Освещение на Грин-роуд слабое, машин почти нет. Остается одно – идти вперед. Или лучше подождать проезжающего мимо автомобиля? Последнее казалось предпочтительнее. Сейчас неохотно подвозят чужих, особенно, когда темно. Часы показывали без пяти десять.
Через несколько минут на шоссе появился свет фар. Марша включила сигнальные огни и, выскочив из салона, замахала руками. Свет приближался, слепил глаза, но она успела заметить, что это был грузовик с аварийной мигалкой на крыше.
Скорее всего дорожная служба, слава Богу! У них наверняка есть запасная канистра.
– Спасибо, спасибо! – выкрикнула Марша, подбежав к дверце со стороны водителя. – Уайлдвуд, кажется, недалеко.
– Пять километров, – ответил шофер.
Глаза у Марши не привыкли к темноте, но она видела, что за рулем мужчина лет шестидесяти.
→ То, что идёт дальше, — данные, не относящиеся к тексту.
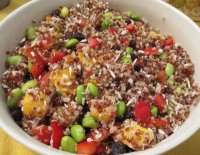 Linda says, "I made up this recipe earlier this year from the ingredient list on the 'California Quinoa Fresh Pack' from Whole Foods." It added color and goodness to our table at our summer potluck!

От него несло перегаром.
– У вас бензинчика не найдется?
– Найдется.
Шофер спустился на землю, обошел сзади грузовик и начал тянуть брезент, покрывающий полкузова. Марша почувствовала невыносимый запах мертвечины. Нетвердо стоявший на ногах незнакомец напомнил ей Ники. Они что, все пьют на работе?
– Помогите-ка мне, леди. – Сайкс знал, что у него мало времени. В любую минуту может подъехать какой-нибудь автомобиль. – В кабине под сиденьем мой фонарь. Достаньте, пожалуйста.
Марша открыла правую дверцу и нагнулась вперед. Внезапно ее словно электрическим током ударило. Казалось, будто тысячи раскаленных иголок впились в ее мышцы. Она совершенно обессилела. Две крепкие руки втолкнули Маршу в кабину. Сайкс обошел машину спереди – нырнул за руль и включил сцепление. Операция отняла у него три минуты.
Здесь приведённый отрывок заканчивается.